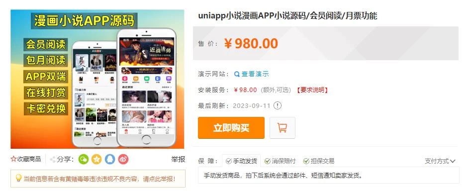 静鱼客栈 APP/小程序/源码 【测】某站价值980的uniapp小说漫画APP小说源码/会员阅读/月票功能 https://wp.muooy.cn/29528.html
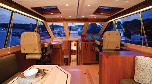 A veritable deluge of natural light washes Whistler’s pilothouse and, five steps down and forward, the galley and study. The house has large windows all around, giving its occupants excellent sightlines in every direction. The steeply raked windshield, which sprouts from the trunk cabin over the bulkhead between the master stateroom and the galley/study, is indeed a generous skylight. Even on cloudy days, the accommodations abaft the owner’s stateroom will be bright.
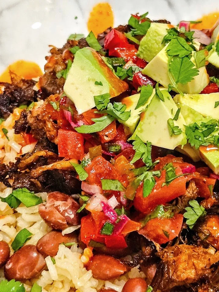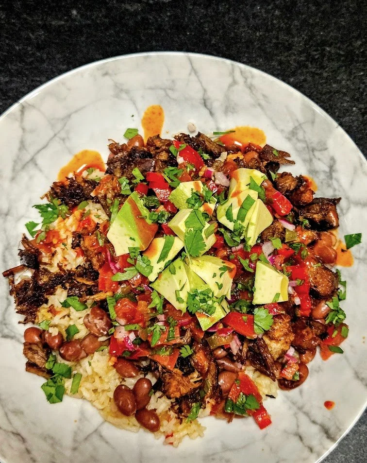 Thanks to our friends at the Blue Rock Restaurant (#thebluerockrestaurant) for introducing us to Chifrijo. (an abbreviation for chi-charrón + frijo-les). Costa Rican chifrijo is a layered dish of rice, tender beans, crispy fried pork (chicharrón), and pico de gallo (Costa Rican chimichurri), garnished with avocado and cilantro and served with tortilla chips on the side. After doing some research, here’s my version. For the crispy pork, I chose to slow-cook locally sourced pork belly from #corsellobucheria for about 2 ½ hours until it was fall-apart tender. Alternatively, if you have left-over pernil, use it as an excellent substitution, or, for less fatty meat, use marinated, slow-roasted, or flash-fried boneless, country-style pork ribs. This recipe can be served either as a main dish or as bocas (“small bites”). Buen provecho!
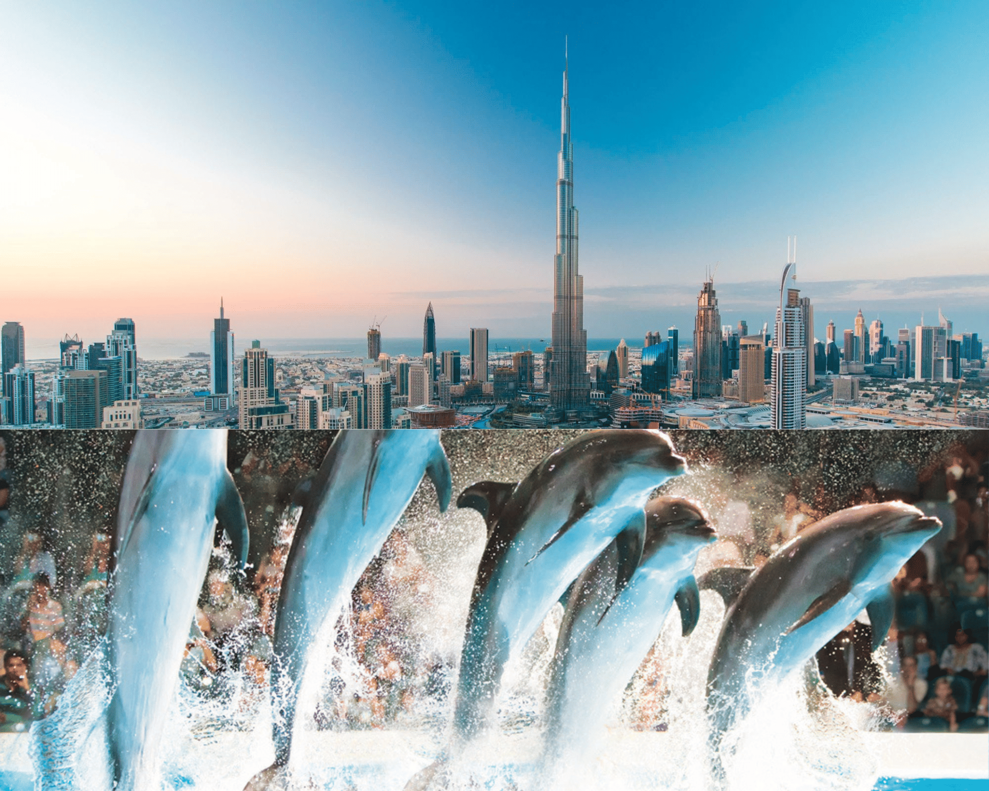 Look at Dubai from Worlds Tallest Observatory and relax with the Doplhins at Dubai Dolphinarium
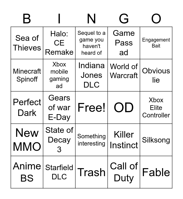 This bingo card has a free space and 24 words: State of Decay 3, Starfield DLC, Indiana Jones DLC, Anime BS, Engagement Bait, Sea of Thieves, Minecraft Spinoff, Halo: CE Remake, OD, Something interesting, World of Warcraft, Perfect Dark, Killer Instinct, Silksong, Xbox mobile gaming ad, Call of Duty, Xbox Elite Controller, Sequel to a game you haven't heard of, Obvious lie, Gears of war E-Day, Fable, New MMO, Game Pass ad and Trash.
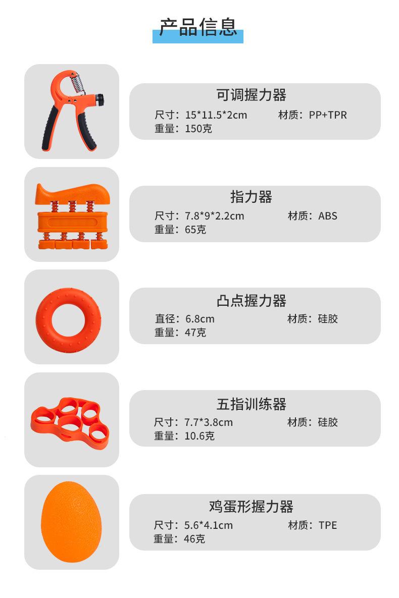 Equipo de fitness ajustable para conteo, agarre para dedos, entrenamiento de rehabilitación, entrenador de muñeca, agarre, traje de cinco piezas
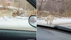 Видео: бежавший по улице волк встревожил жителей пригорода Челябинска

--------------------------------------------------

Copy exactly the lines from the line that contains "This bingo card" through the last line of the records above, both ends included, but leave out the pictures.

 This bingo card has a free space and 24 words: State of Decay 3, Starfield DLC, Indiana Jones DLC, Anime BS, Engagement Bait, Sea of Thieves, Minecraft Spinoff, Halo: CE Remake, OD, Something interesting, World of Warcraft, Perfect Dark, Killer Instinct, Silksong, Xbox mobile gaming ad, Call of Duty, Xbox Elite Controller, Sequel to a game you haven't heard of, Obvious lie, Gears of war E-Day, Fable, New MMO, Game Pass ad and Trash.
 Equipo de fitness ajustable para conteo, agarre para dedos, entrenamiento de rehabilitación, entrenador de muñeca, agarre, traje de cinco piezas
 Видео: бежавший по улице волк встревожил жителей пригорода Челябинска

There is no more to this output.